At the core of Horizon is Theme Blocks, a new concept introduced to developers last fall. With drag-and-drop controls, merchants can rearrange these modular, self-contained components, such as product sliders, image galleries, promotional banners, and custom content sections.

Shopify includes a robust set of ready-made Theme Blocks but also allows for AI-generated versions.

Screenshot of a Theme Block with four images.

AI can generate Shopify Theme Blocks with custom layouts.

Merchants can describe design elements such as “a banner with text overlay and fade-in animation,” and the system will generate a functioning Theme Block to match.
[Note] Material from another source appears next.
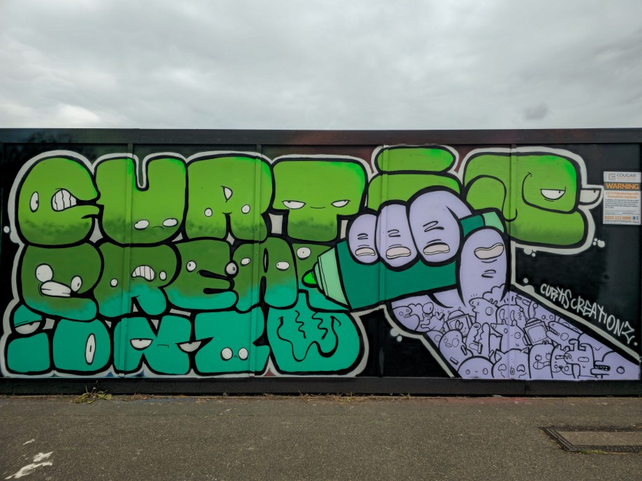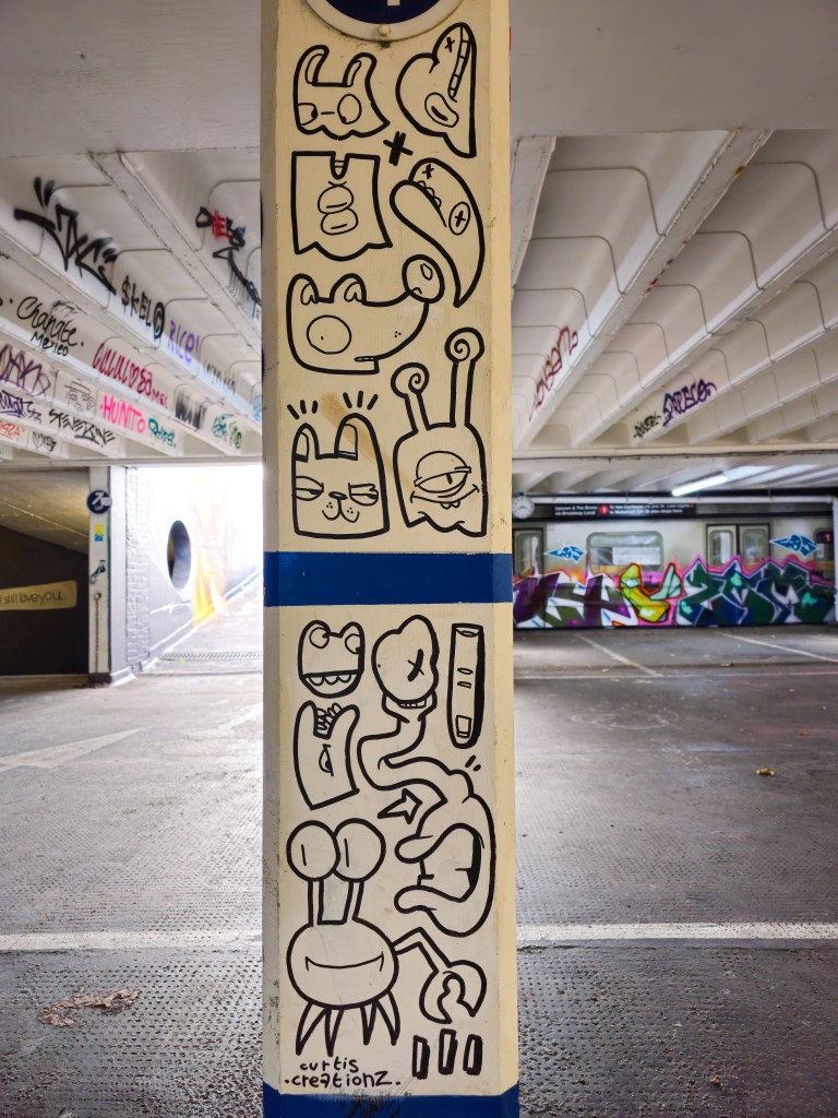 Next up in our catch up with what happened on London’s walls in 2025, with four excellent and fun works placed up in Penge by illustrator Curtis Creationz. We are big fans of this artist’s work and it has been a pleasure have her paint more regularly in Penge during the last year. Curtis Creationz’s work never ceases to bring a smile to our face and is always so masterfully executed. The fantastic trio of works below were put up with support from ourselves London Calling Blog as part of our SprayExhibition20 community street art project.

Adding Theme Blocks and generative AI implies that some small and mid-sized storekeepers who might have purchased a custom theme or hired a developer to tweak one can now do it themselves. It’s a significant usability gain built atop Shopify’s extensible base.

AI-Powered Store Builder

Shopify’s new AI-powered store builder turns a week-long process into something closer to a guided conversation. Rather than starting from scratch, a store owner can enter a couple of descriptive keywords. Shopify will return three layout options, each populated with images, text, and structure — ready for editing.

The builder lowers the barrier to launching a quality storefront without sacrificing aesthetics.

Sidekick

Shopify’s AI-powered assistant, Sidekick, also received usability upgrades.

Sidekick now connects multiple data sources, performs multi-step analysis, and delivers relatively more insights.

For example, Sidekick can help a merchant diagnose why sales dipped on a product line, suggest ways to re-engage a lapsed customer segment, or walk users through admin tasks via voice chat and screen sharing.

These enhancements make Sidekick less like a chatbot and more like a co-pilot, or at least the foundation for one. It is another sign that Shopify prioritizes tools that reduce complexity and give everyday merchants more control without requiring technical expertise or development resources.

Usability and Extensibility

Shopify’s “usability” updates have not reduced its extensibility. Developers can still access Liquid, APIs, and the platform’s vast app ecosystem.

Sellers can extend, customize, and integrate Horizon themes, like previous versions.

But now, non-technical merchants have a customization path via natural language, drag-and-drop editing, and AI assistance. Shopify is layering usability on top of extensibility, expanding who can build, launch, and manage a storefront.

The Trend

Shopify’s usability push likely reflects a general software and digital commerce trend.

As generative AI becomes more capable, platform value shifts away from raw flexibility and toward outcomes such as how quickly a merchant can grow without adding complexity.

It’s especially relevant as entrepreneurs bootstrap solo ventures or side hustles. These merchants need tools that lower friction and overhead.

AI tools on Shopify and elsewhere now:

The new usability mindset isn’t just for new sellers. Experienced operators can do more with fewer resources.